Stored data Block Start
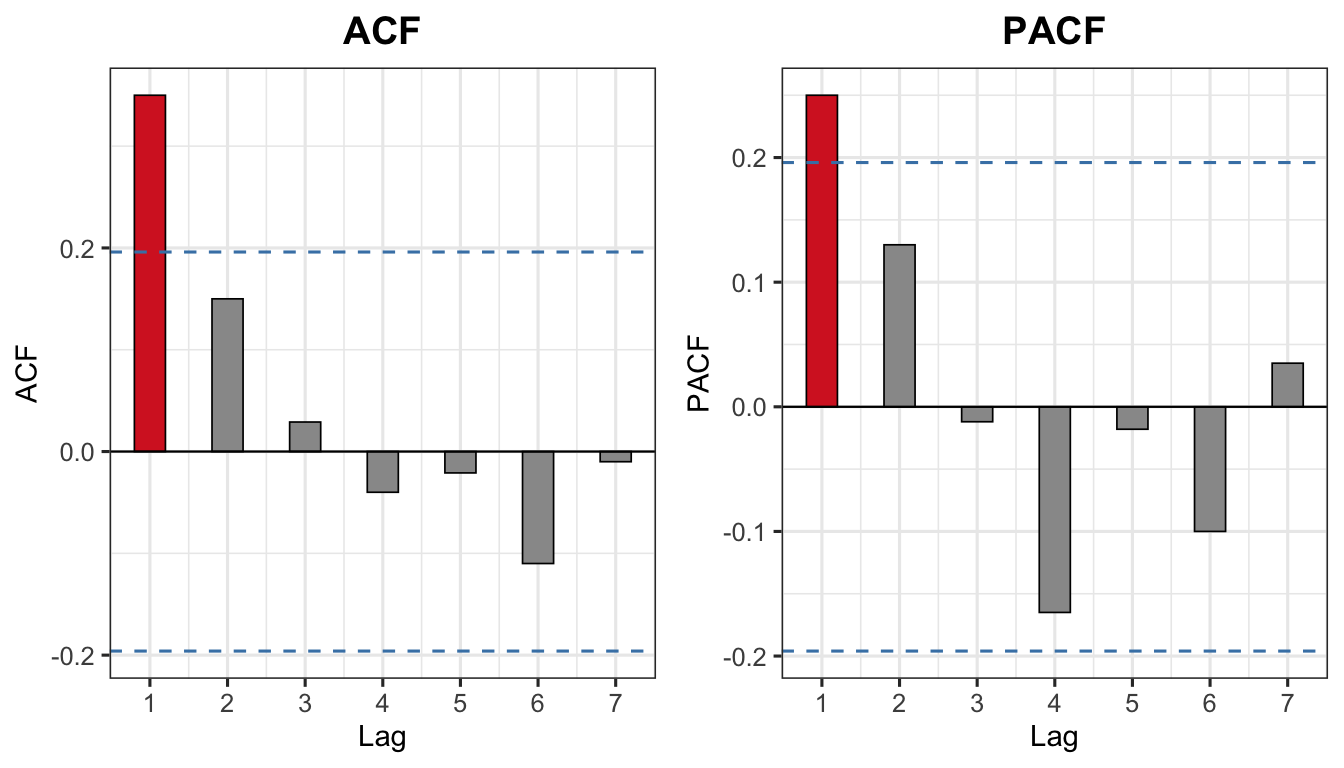 | PACF | Lag 1 (non-seasonal) | AR(1) → \(p = 1\) |
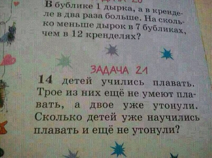 Учительниыа --"Летят два крокодила. Один красный, другой тоже в Африку. ... сколько мне лет..?
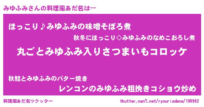 男性向けラノベタイトル風あだ名 | 『魔弾の王とみゆふみ』『みゆふみの憂鬱』 |
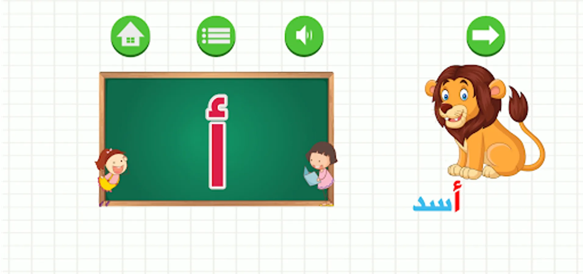 Teaching letters in a fun and interesting way that enables the child to learn to write and pronounce Arabic letters easily and also learns many Arabic words, which enables the child to learn the Arabic language with ease and without getting bored
Stored data Block End
_Description of the task_
What is needed here is each line above set down word for word, minus the images.

_Task solution_
 | PACF | Lag 1 (non-seasonal) | AR(1) → \(p = 1\) |
 Учительниыа --"Летят два крокодила. Один красный, другой тоже в Африку. ... сколько мне лет..?
 男性向けラノベタイトル風あだ名 | 『魔弾の王とみゆふみ』『みゆふみの憂鬱』 |
 Teaching letters in a fun and interesting way that enables the child to learn to write and pronounce Arabic letters easily and also learns many Arabic words, which enables the child to learn the Arabic language with ease and without getting bored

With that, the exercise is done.